- Born: John MacLean 2 January 1636 Sweden
- Died: 15 April 1696 (aged 60) Gothenburg, Sweden
- Occupation: Gothenburg Court of Justice
- Predecessor: John Hans Makeléer, 1st Baronet
- Successor: Sir Johan Jacob Makeléer, 3rd Baronet
- Spouse: Anna Margareta Gordon
- Children: Sir Johan Jacob Makeléer, 3rd Baronet Sir Gustav Makeléer, 4th Baronet
- Parent(s): Hans Makeléer, 1st Baronet Anna Gubbertz

= Johan Makeléer =

Sir Johan Makeléer, 2nd Baronet or Johan Macklier (1636 - 1696) was a member of the Maclean clan of Scotland in Sweden and a member of the Gothenburg Court of Justice from 1659 to 1696.

==Biography==
He was the son of Hans Makeléer, 1st Baronet and Anna Gubbertz.
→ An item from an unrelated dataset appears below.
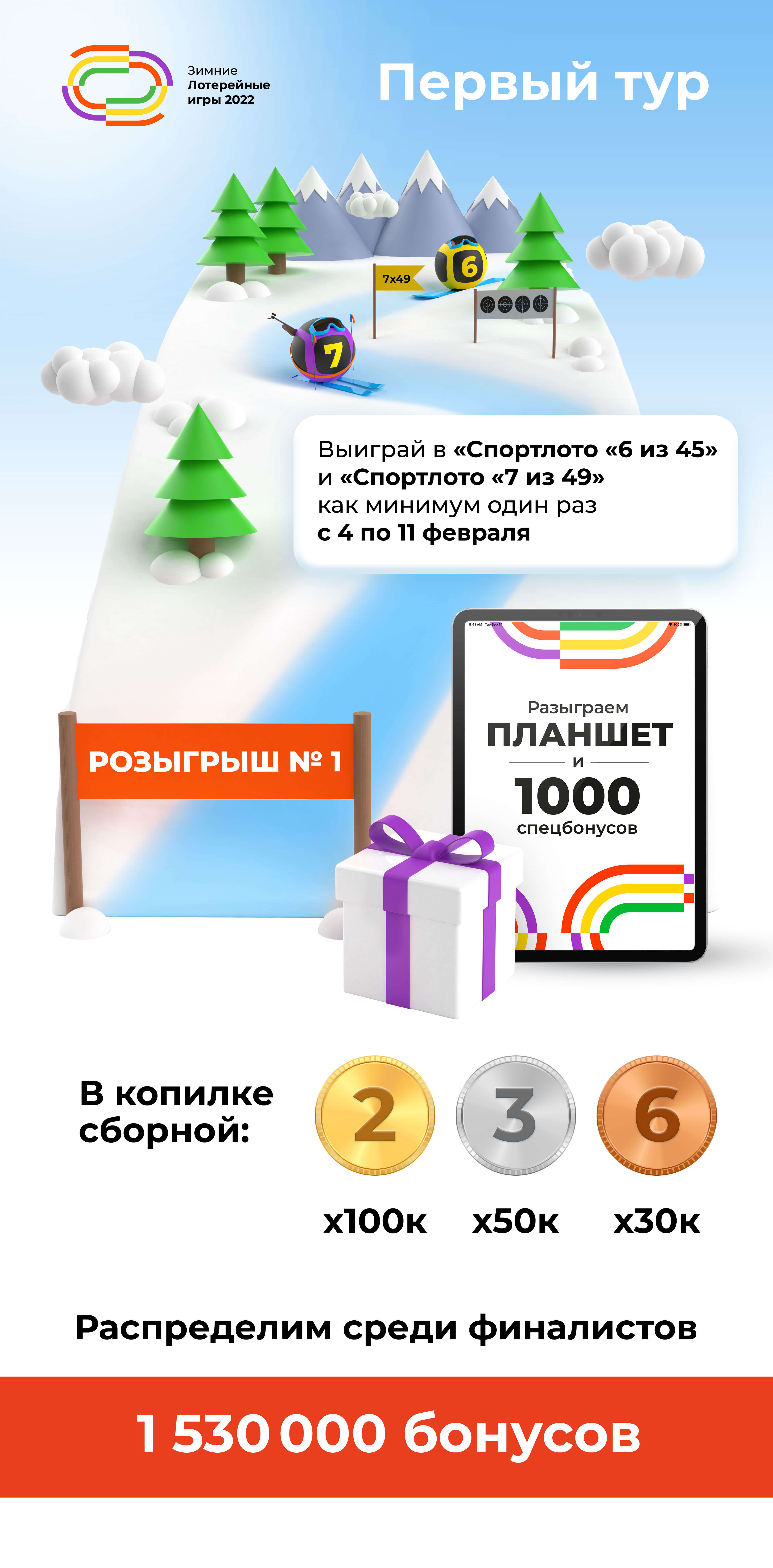 В Пекине 4 февраля началась Олимпиада, а мы запускаем «Зимние лотерейные игры». Почувствуйте себя немного спортсменами и присоединяйтесь к нашему лотерейному турниру. Вас ждут 2 увлекательных этапа и крутые призы.

He married Anna Margareta Gordon and had two children: Sir Johan Jacob Makeléer, 3rd Baronet and Sir Gustav Makeléer, 4th Baronet. Gustav was the father of Sir Johan Gabriel Macklear, 5th Baronet, who married Hedwig Rosenquist. Johan Makeléer, 2nd Baronet was later appointed to the Gothenburg Court of Justice.